“In those circumstances, they don’t intend to comment further at this time,” the firm added.
The four convictions came after an investigation from the Serious Fraud Office into whether traders had been manipulating Libor for profit.
Libor became the focus of allegations of wrongdoing following the financial crisis in 2008 and has now been discontinued, while its European equivalent Euribor is being reformed.
Because the Supreme Court has now ruled in favour of Mr Hayes and Mr Palombo, the four traders’ appeal is likely to be a more straightforward process than for Mr Hayes and Mr Palombo who argued their case for years.
The Serious Fraud Office declined to comment on the appeal from the four traders on Thursday.
However, it said on Wednesday in response to the ruling on Mr Hayes and Mr Palombo’s case that it had “considered this judgement and the full circumstances carefully and determined it would not be in the public interest for us to seek a retrial”.
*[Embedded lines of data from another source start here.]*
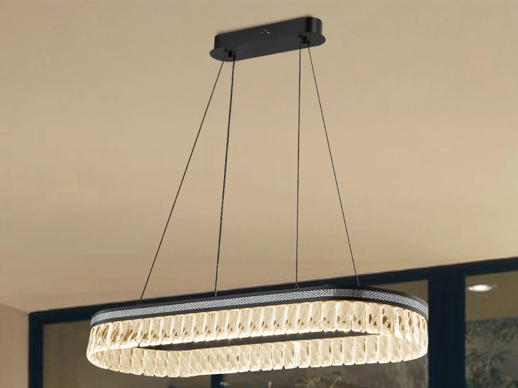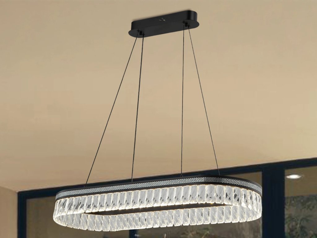 Prémiové materiály – kombinace lesklé kovové konstrukce a broušených křišťálů pro luxusní a sofistikovaný vzhled.
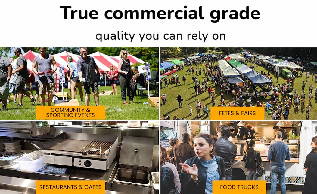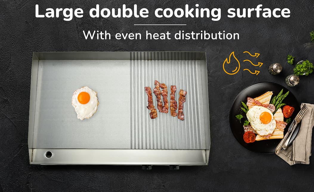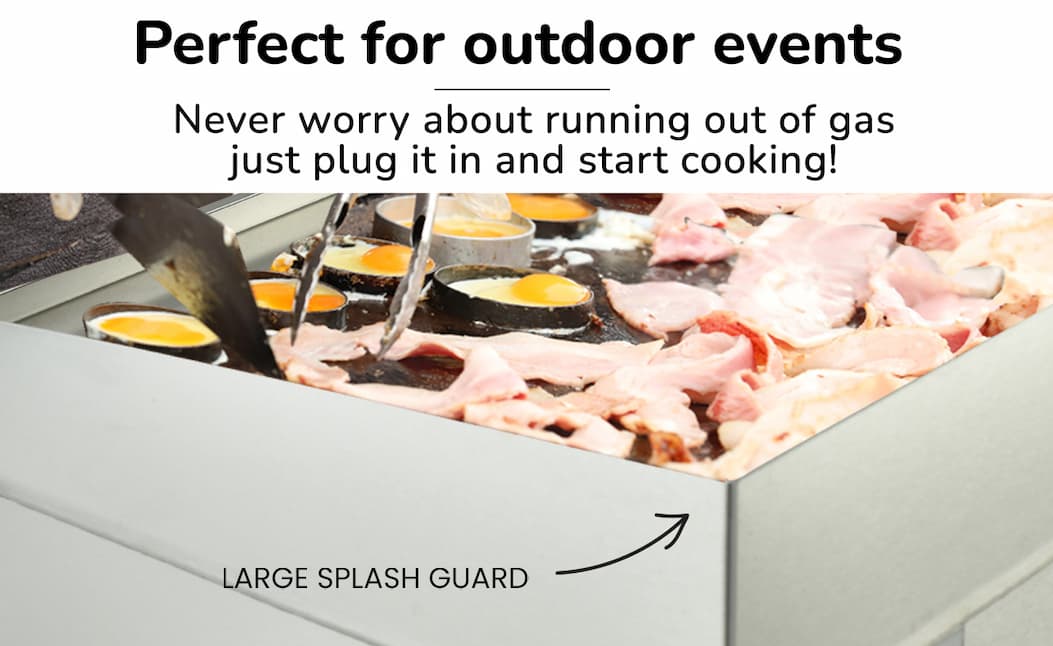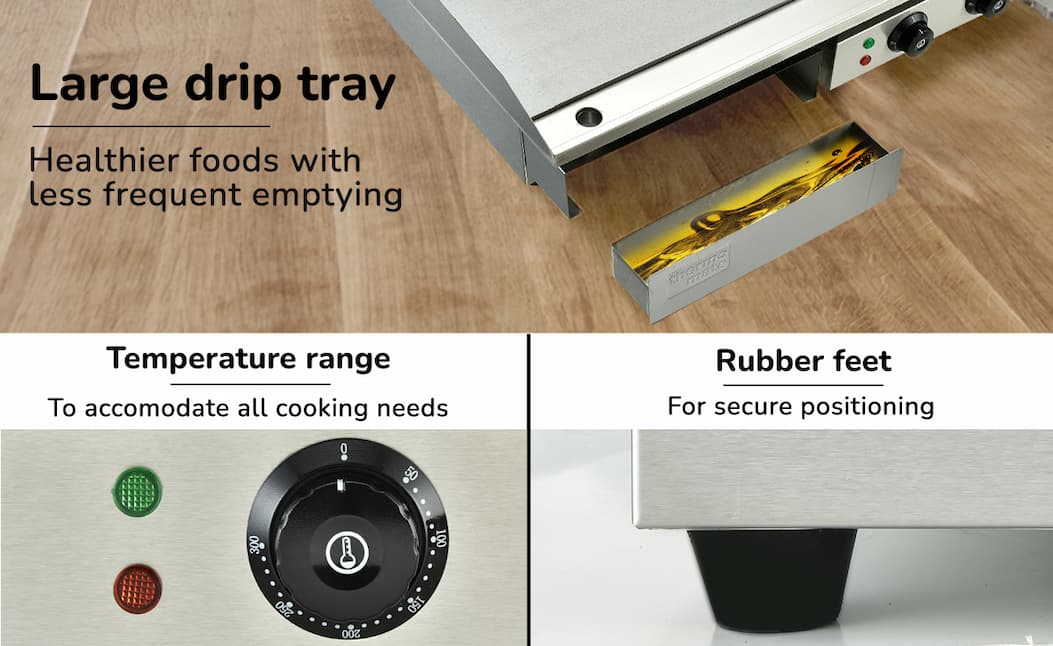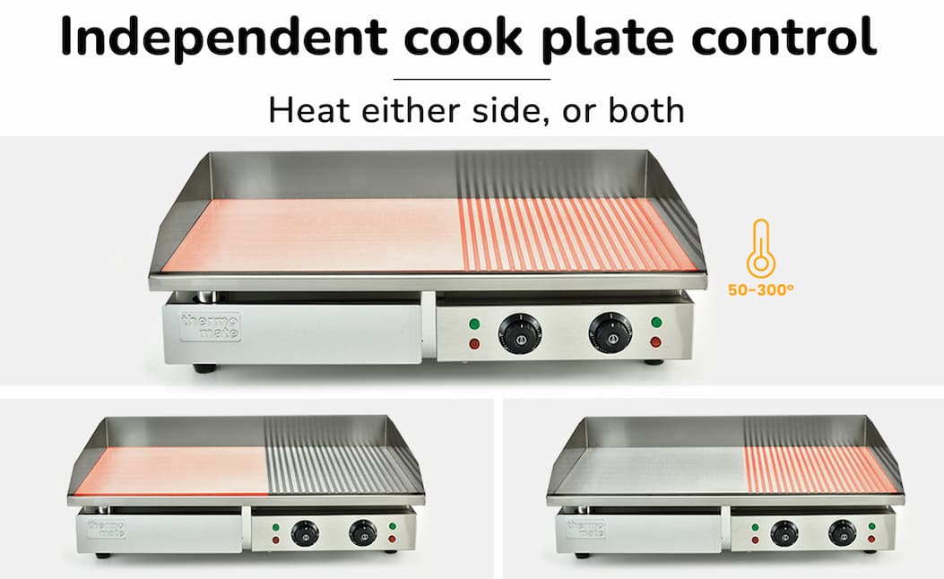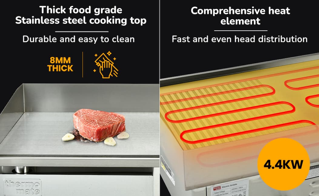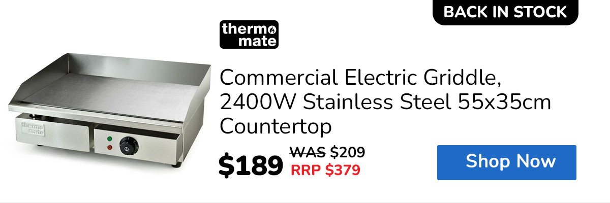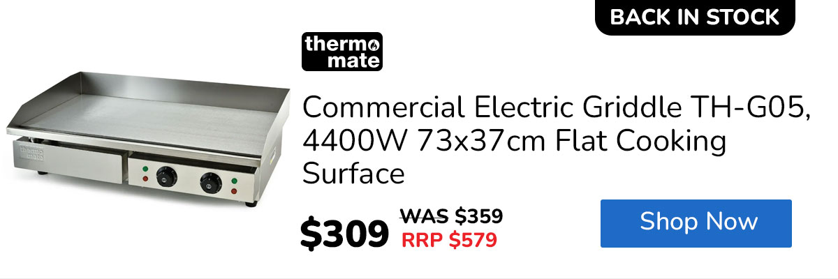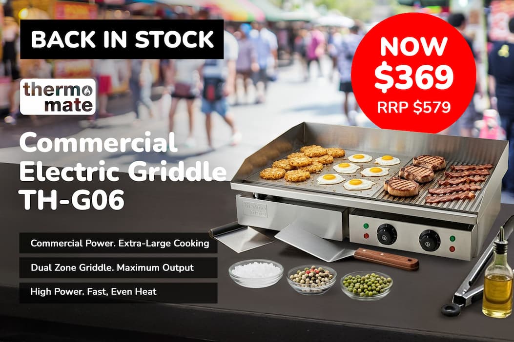 It’s back and ready to fire up your kitchen—this extra-large Thermomate Commercial Electric Griddle delivers powerful 4.4kW heating, dual-zone temperature control, and a versatile flat + ribbed cooking surface so you can cook everything from steaks to pancakes at once, while the thick 8mm iron plate ensures fast, even heat and the spacious 73x40cm surface lets you serve more in less time—don’t miss out again, stock is limited!
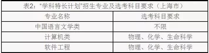 “学科特长计划”招生专业见表1至表3,每名考生须根据自身情况选报一个专业,不能兼报。
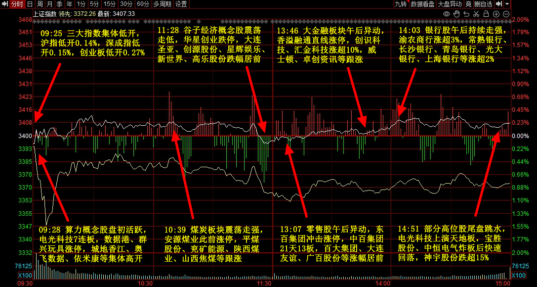 市场全天窄幅震荡,三大指数小幅上涨,黄白二线走势分化,微盘股指数跌近2%,北证50指数跌逾4%。银行、保险等金融股继续走强,香溢融通涨停,威士顿、汇金科技涨超10%,渝农商行、常熟银行、长沙银行等多股涨超2%。算力概念股继续活跃,中辰股份、安诺其、群兴玩具、云赛智联、数据港等多股涨停。下跌方面,部分高位股尾盘跳水,电光科技上演天地板,神宇股份跌超10%。个股跌多涨少,沪深京三市下跌个股超4000只,今日成交1.29万亿元。
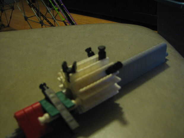es un simple arma decidí construirPaso 1: cuerpo Paso 2: gatillo La pieza blanca es la seguridad, la retirada cuando esté listo para disparar y enrosque el conector blanco/púrpura en el gatillo, por ello permitiendo que la corredera gatillo a través
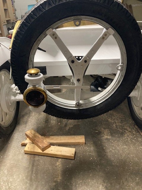 The new unfinished 21 inch wheel is here to replace the Bimel wheel that just barely did not fit. This wheel fits but I am going to have to wait to clean, strip and paint it until I get more parts to do that need finishing. I will probably put it on for now to get the chassis completely rolling. The side and rear lamps arrived in the mail and I received more small parts and fittings from Lang's. I have one side brake rod installed and working, my other side brake rod may not fit and is missing a clevis so I will have to wait for that to arrive to complete the brake rods. I found out from John Tannehill that shoes are insufficient for 26-27, that I need to buy and rivet on brake linings. Doh! Another Lang's order.
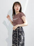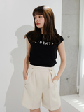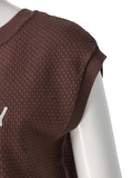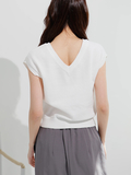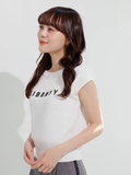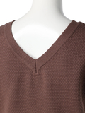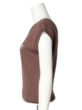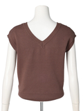 肩周りや二の腕を華奢な印象に見せてくれるフレンチスリーブとボディー部分はすっきりとモタつかないシルエット。表面感のある編み地使いもさりげないポイント。
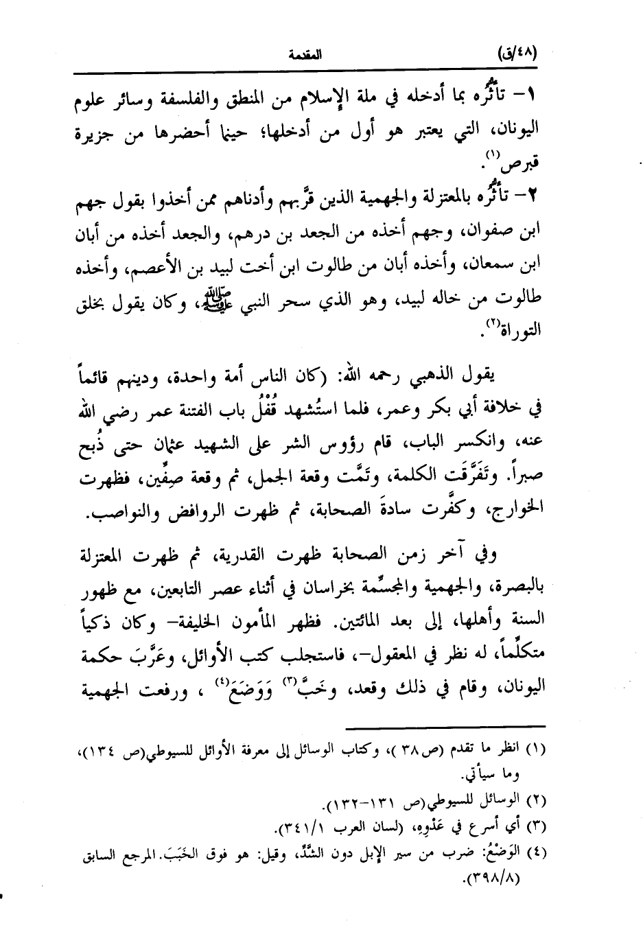 (¬١) انظر ما تقدم (ص ٣٨)، وكتاب الوسائل إلى معرفة الأوائل للسيوطي (ص ١٣٤)، وما سيأتي.
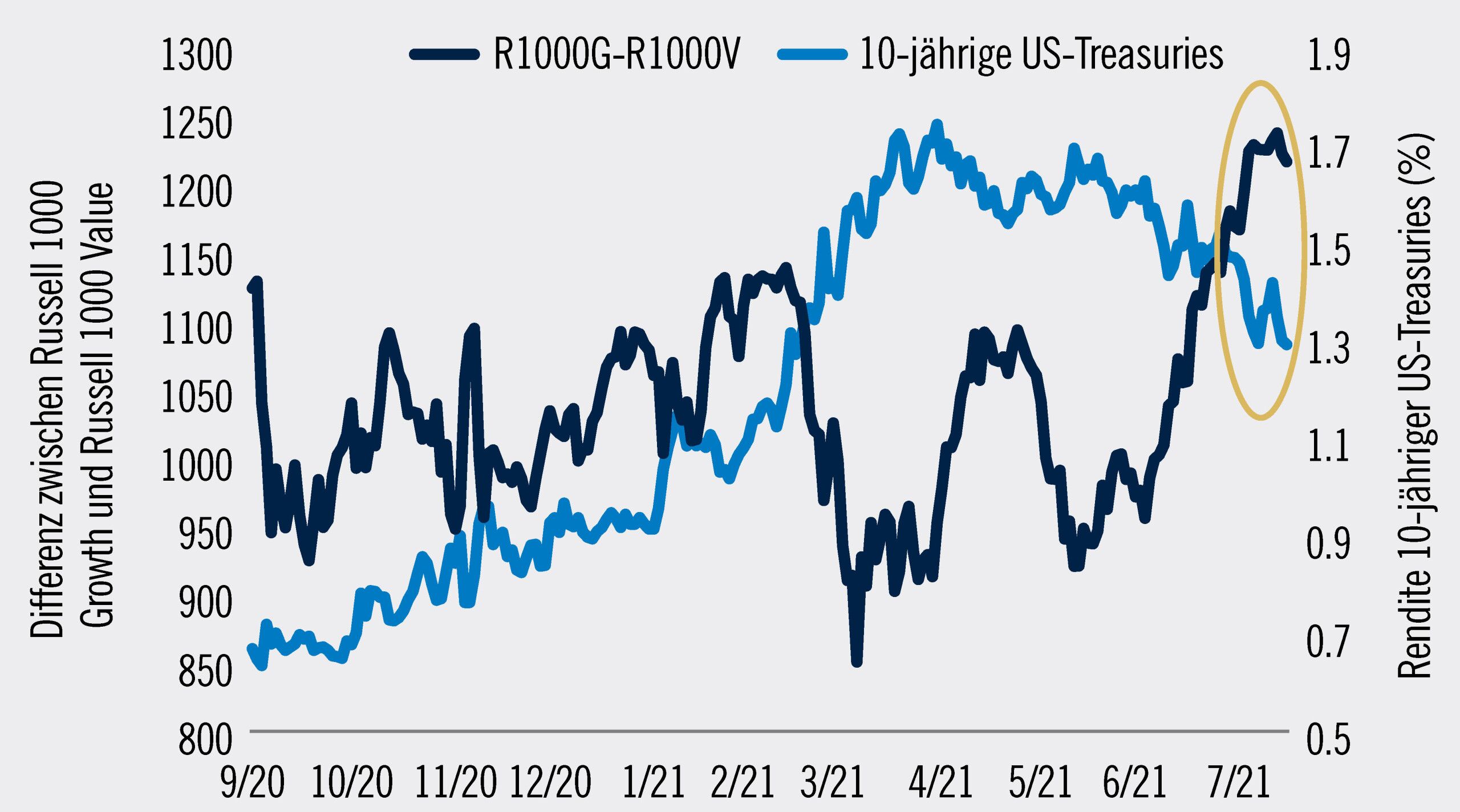 Mit der erfolgreichen Entwicklung wirksamer Impfstoffe haben zyklische Value-Aktien aufgrund der erheblich verbesserten Aussichten auf eine Erholung stark zugelegt. Die enorme Nachfrage führte in den ersten Monaten des Jahres zu Angebotsdefiziten und -engpässen, führte zu höheren Preisen und ließ die Anleihenrenditen steigen. Doch es machte sich noch eine weitere Realität bemerkbar – Volkswirtschaften können nur einmal wiedereröffnen. Sobald dies geschehen ist, müssen zyklische Aktien von positiven strukturellen Faktoren und Gewinnwachstum Unterstützung erhalten, um weiter zulegen zu können. Andernfalls geben sie wieder nach. Als sich diese Erkenntnis durchsetzte, erreichten die Anleihenrenditen ihre Hochstände. Gleichzeitig begannen Anleger zyklische Positionen zugunsten von Anlagen mit beständigerem Wachstum zu reduzieren. Wenn sich in der Zukunft die zunächst kräftige Erholung und die Effekte der Konjunkturmaßnahmen abschwächen, dürfte das Wachstum der Weltwirtschaft wieder abnehmen. Diese Trendwende sollte die Zinssätze und Inflationsraten langfristig unter Kontrolle halten.

The Libor scandal came to light in 2012, when it was discovered that banks were artificially inflating rates to profit from trading and were also lowering them to mask the troubles they faced following the outbreak of the global financial crisis.
However, in 2023, the BBC uncovered evidence of a much larger, state-led “rigging” of interest rates, under pressure from central banks and governments across the world during the financial crisis.
Mr Hayes and Mr Palombo argued they were wrongly prosecuted for what were normal commercial practices in order to appease public anger towards the banks over the financial crisis.